From: Ming Lei <ming.lei@redhat.com>
To: Shinichiro Kawasaki <shinichiro.kawasaki@wdc.com>
Cc: "linux-block@vger.kernel.org" <linux-block@vger.kernel.org>,
"linux-nvme@lists.infradead.org" <linux-nvme@lists.infradead.org>,
"linux-scsi@vger.kernel.org" <linux-scsi@vger.kernel.org>,
"nbd@other.debian.org" <nbd@other.debian.org>,
"linux-rdma@vger.kernel.org" <linux-rdma@vger.kernel.org>
Subject: Re: blktests failures with v6.14-rc1 kernel
Date: Fri, 7 Feb 2025 20:47:20 +0800 [thread overview]
Message-ID: <Z6YA2OakDUyI8Vmc@fedora> (raw)
In-Reply-To: <ougniadskhks7uyxguxihgeuh2pv4yaqv4q3emo4gwuolgzdt6@brotly74p6bs>
On Fri, Feb 07, 2025 at 12:22:32PM +0000, Shinichiro Kawasaki wrote:
> On Feb 07, 2025 / 16:52, Ming Lei wrote:
> > Hi Shinichiro,
>
> Hi Ming, thanks for the comments.

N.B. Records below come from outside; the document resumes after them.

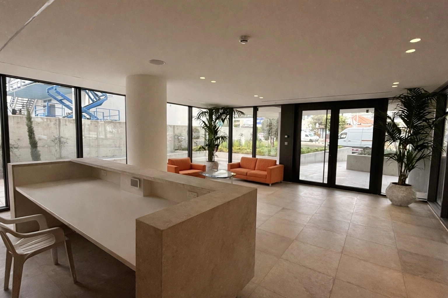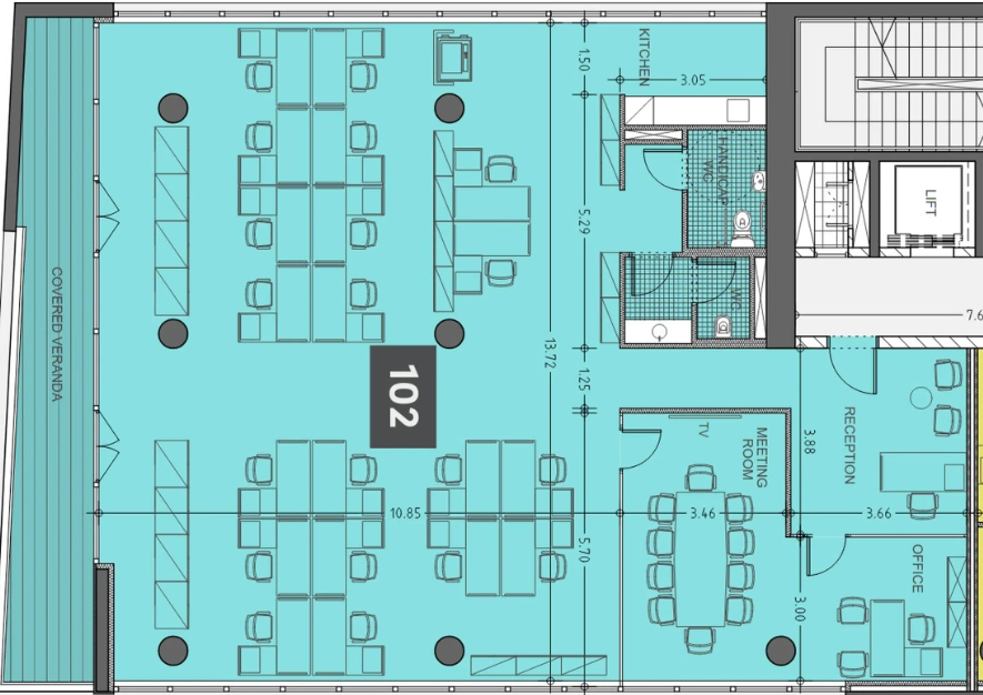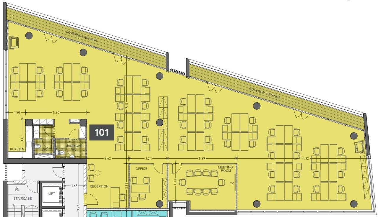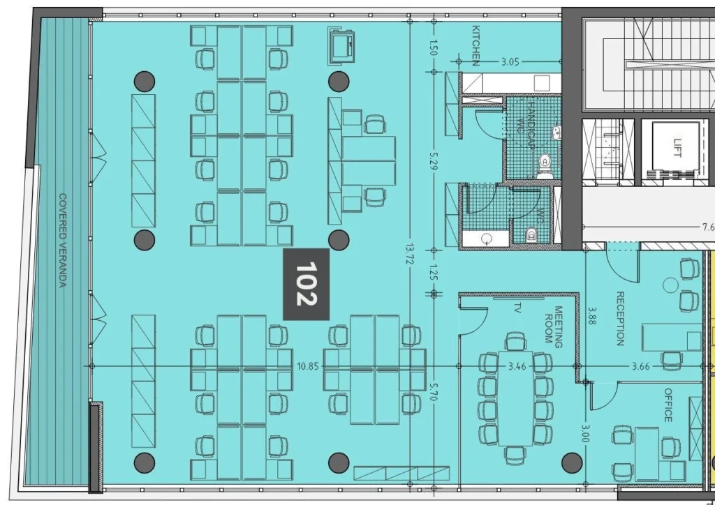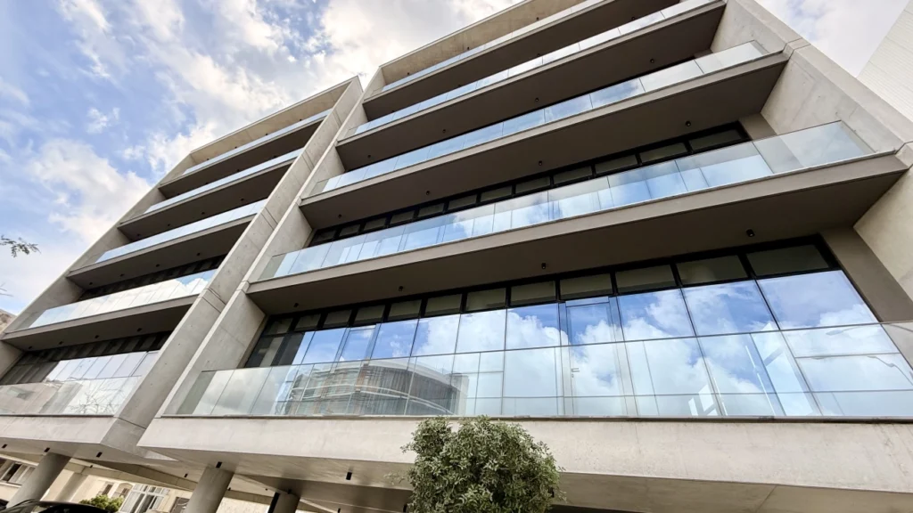 Office for rent with a total area of 634 m2, including a veranda of 55 m2, in the area of Mesa Geitonia, Limassol, in a modern office building located on one of the main business streets of the city with convenient access to the City Center, Limassol Marina and motorway. The spacious and functionally designed office occupies an entire floor, includes a common reception area, an elevator, ten parking spaces and a shared roof garden. The office is made with high-quality class A finishes and is ready for immediate use. It includes a spacious private veranda with panoramic views of the city, high ceilings of 2.90 m, raised floors with carpet in the work areas, ceramic tiles on the floor and walls in the bathrooms, anti-slip tiles on the veranda, air conditioning and ventilation in each room, alarm system, a fire-fighting entrance door with an intercom system, aluminum windows with double thermal glazing, European-brand plumbing fixtures, high-end kitchen furniture with all necessary appliances and photovoltaic panels to increase energy efficiency.
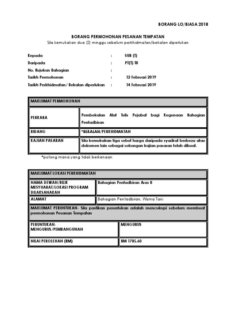 Contoh Borang Pesanan Tempatan Kerajaan / Pengurusan Perolehan Kerajaan Tatacara Kaedah
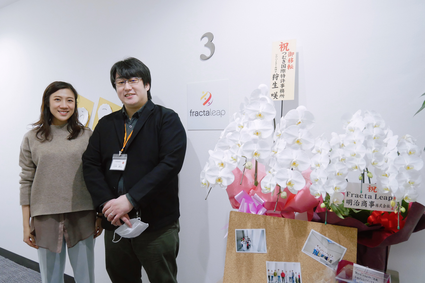 ▼エントランスにて談笑しているところをパシャリ。(左:NovolBa代表 鄧(トウ)様、右:Fracta Leap CEO 北林)
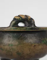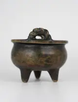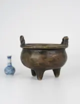 Een mooie kleine maar zeer zware antieke Chinese bronzen wierookbrander of wierookvat, staande op drie pootjes, twee mooi gebeeldhouwde oren en mooie bolle vorm. enkele ouderdomssporen, mooie patina, uitgevoerd in een mooie kwaliteit brons. Handgemaakt in het oude China tijdens de Qing-dynastie, 18e/19e eeuw. Op de achterzijde gemerkt met twee karakters in Zhuanshu zegelschrift. Gegarandeerd origineel en van de aangegeven periode.

Let me comment on the block/002 failure.
>
> > > Failure description
> > > ===================
> > >
> > > #1: block/002
> > >
> > > This test case fails with a lockdep WARN "possible circular locking
> > > dependency detected". The lockdep splats shows q->q_usage_counter as one
> > > of the involved locks. It was observed with the v6.13-rc2 kernel [2], and
> > > still observed with v6.14-rc1 kernel. It needs further debug.
> > >
> > > [2] https://lore.kernel.org/linux-block/qskveo3it6rqag4xyleobe5azpxu6tekihao4qpdopvk44una2@y4lkoe6y3d6z/
> >
> > [ 342.568086][ T1023] -> #0 (&mm->mmap_lock){++++}-{4:4}:
> > [ 342.569658][ T1023] __lock_acquire+0x2e8b/0x6010
> > [ 342.570577][ T1023] lock_acquire+0x1b1/0x540
> > [ 342.571463][ T1023] __might_fault+0xb9/0x120
> > [ 342.572338][ T1023] _copy_from_user+0x34/0xa0
> > [ 342.573231][ T1023] __blk_trace_setup+0xa0/0x140
> > [ 342.574129][ T1023] blk_trace_ioctl+0x14e/0x270
> > [ 342.575033][ T1023] blkdev_ioctl+0x38f/0x5c0
> > [ 342.575919][ T1023] __x64_sys_ioctl+0x130/0x190
> > [ 342.576824][ T1023] do_syscall_64+0x93/0x180
> > [ 342.577714][ T1023] entry_SYSCALL_64_after_hwframe+0x76/0x7e
> >
> > The above dependency between ->mmap_lock and ->debugfs_mutex has been cut by
> > commit b769a2f409e7 ("blktrace: move copy_[to|from]_user() out of ->debugfs_lock"),
> > so I'd suggest to double check this one.
>
> Thanks. I missed the fix. Said that, I do still see the lockdep WARN "possible
> circular locking dependency detected" with the kernel v6.14-rc1. Then I guess
> there are two problems and I confused them. One problem was fixed by the commit
> b769a2f409e7, and the other problem that I still observe.
>
> Please take a look in the kernel message below, which was observed at the
> block/002 failure I have just recreated on my test node. The splat indicates the
> dependency different from that observed with v6.13-rc2 kernel.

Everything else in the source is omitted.